Großvater kam gewöhnlich jedes Wochenende aus der Stadt angefahren, in einem schönen Twin Six Packard Saloon. Er selbst konnte nicht fahren, also übernahm dies George Slade, sein Chauffeur. George besaß eine Unterkunft im Obergeschoss des Hauses in der Haight Street, wo man ihn während seiner Freizeit Saxophon spielen hören konnte.
Jeden Freitag sollten mein Bruder David, meine Schwester Pat und ich den Vorhof aufräumen: ihn rechen, um sicherzustellen, dass keine Blätter in der Zufahrt lagen, und alles so richten, dass es im Allgemeinen ordentlich aussah. Gegen drei Uhr Nachmittags begannen wir, die Straße auf und ab zu schauen. Schon bald darauf sahen wir den Packard heranrollen, und das voller Aufregung, denn aus dem Wagen kam als Erstes mein Großvater, gefolgt von seiner Mutter – meiner Urgroßmutter – dann meine Großmutter und häufig Gäste, die er für das Wochenende mit zur Ranch gebracht hatte. Seine Gäste waren von jeglicher Couleur: zuweilen etwas unverbindlich, zuweilen Geschäftsleute. Dessen ungeachtet erfreuten wir uns dieser Wochenenden immer. Samstagmorgens schnitten Großmutter und Mutter Nieren, die kurz angebraten wurden und unser übliches Samstagsfrühstück darstellten. Das sonntägliche Abendessen bestand aus einem Drei- oder Vierrippen-Roastbeef oder gelegentlich einem Lamm- oder Schweinebraten und war stets ein bemerkenswertes Ereignis, nach dem Großvater, seine Familie und die Gäste in den Packard stiegen und nach San Francisco zurückkehrten und meine Mutter erleichtert aufatmete. Dann ging das Leben wieder ruhig weiter, bis zum nächsten Freitagnachmittag, wenn alles von Neuem beginnen würde.

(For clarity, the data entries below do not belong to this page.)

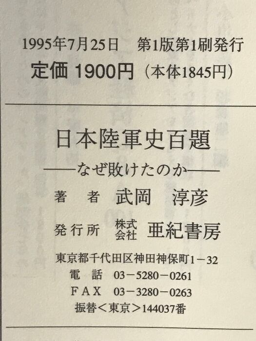 タイトル:日本陸軍史百題: なぜ負けたのか 亜紀書房 武岡 淳彦
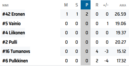 Huomasi tuossa Klingbergin maalissa eritoten. Latvala, siis Otto Latvala, menee heittämällä Torgerssonista ohi ja ei ehdi hippaa ottamaan kun syöttää jo Gazdalle ja ohessa oli paras yritys mitä mies enää pystyi tekemään syötön Klingbergille estämiseksi:Hieman vähän vajaa kaksi erää JYP pelasi ihan ok. Sen jälkeen loppui traktorista veto. Oikeastaan hyvin samanlainen ottelu kuin edellinen kerta Ilveksen vieraana.
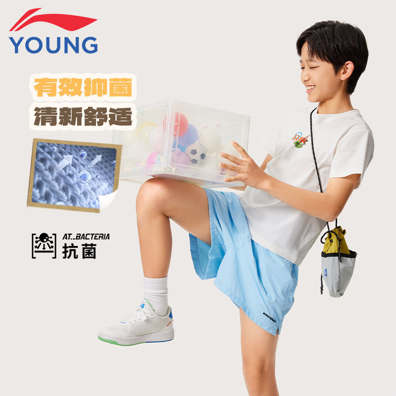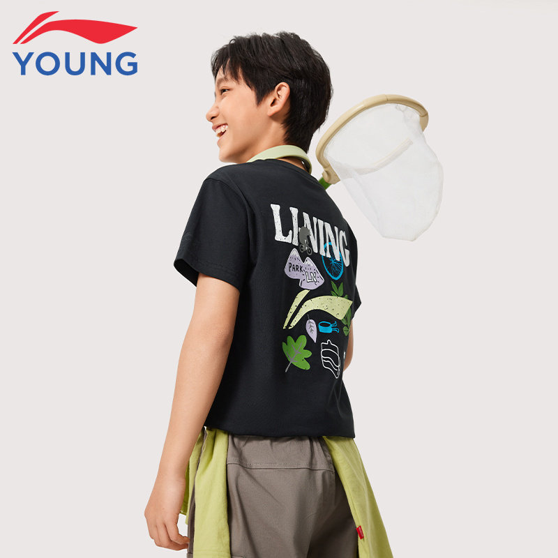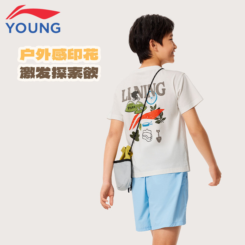 李宁儿童装男童短袖T恤2025夏季新款凉感抗菌女中大童印花上衣潮
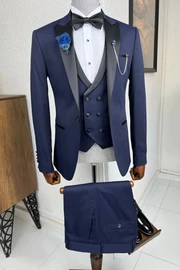 Ronald New Arrival Navy Blue Peaked Lapel Three Pieces Prom Suits For Men
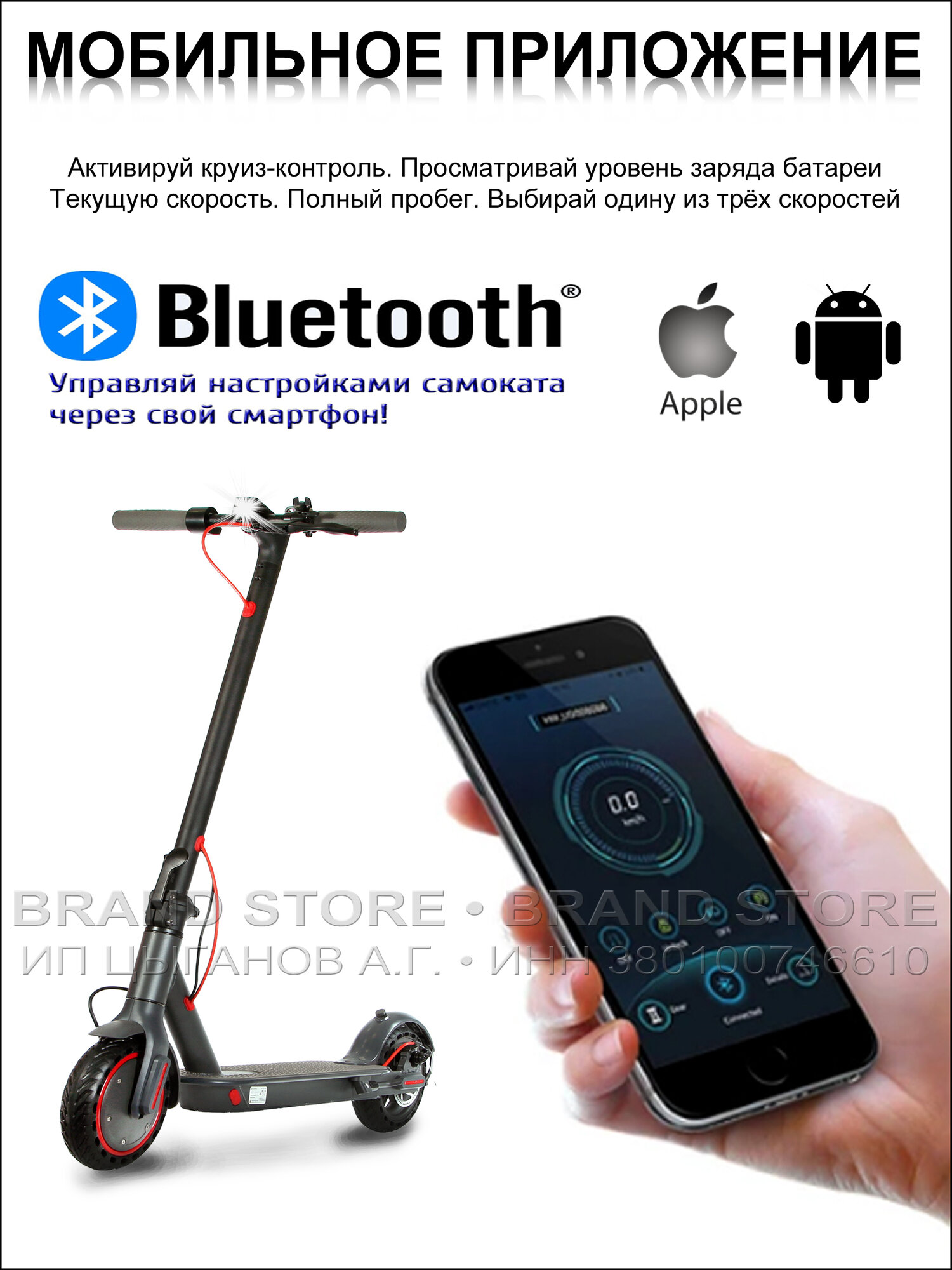 Порадовало приложение, только, не понимаю, почему, чтобы подключиться по блютузу к самокату надо обязательно включить GPS, но может это и можно как-то обойти. Хорошие тормоза, настроенные из коробки, предыдущий самокат после этого страшно брать ибо привык к данному отзывчивой и резкой при надобности тормозной системе. |

Bei seinen Ausflügen aufs Land machte Großvater gewöhnlich bei Johnny Heinhold’s Wirtschaft in Oakland halt, am heutigen Jack London Square. Heinhold kannte Jack London, und obwohl es die Zeit der Prohibition war, genossen er und Großvater in aller Stille einige Gläschen Konterbande. Dann fuhr Großvater gewöhnlich weiter zum Hunt Hatch Depot, an dem er beteiligt war, belud dort den Packard mit Säcken voller Apfelsinen, Äpfeln oder anderem Obst und brachte diese mit zur Ranch.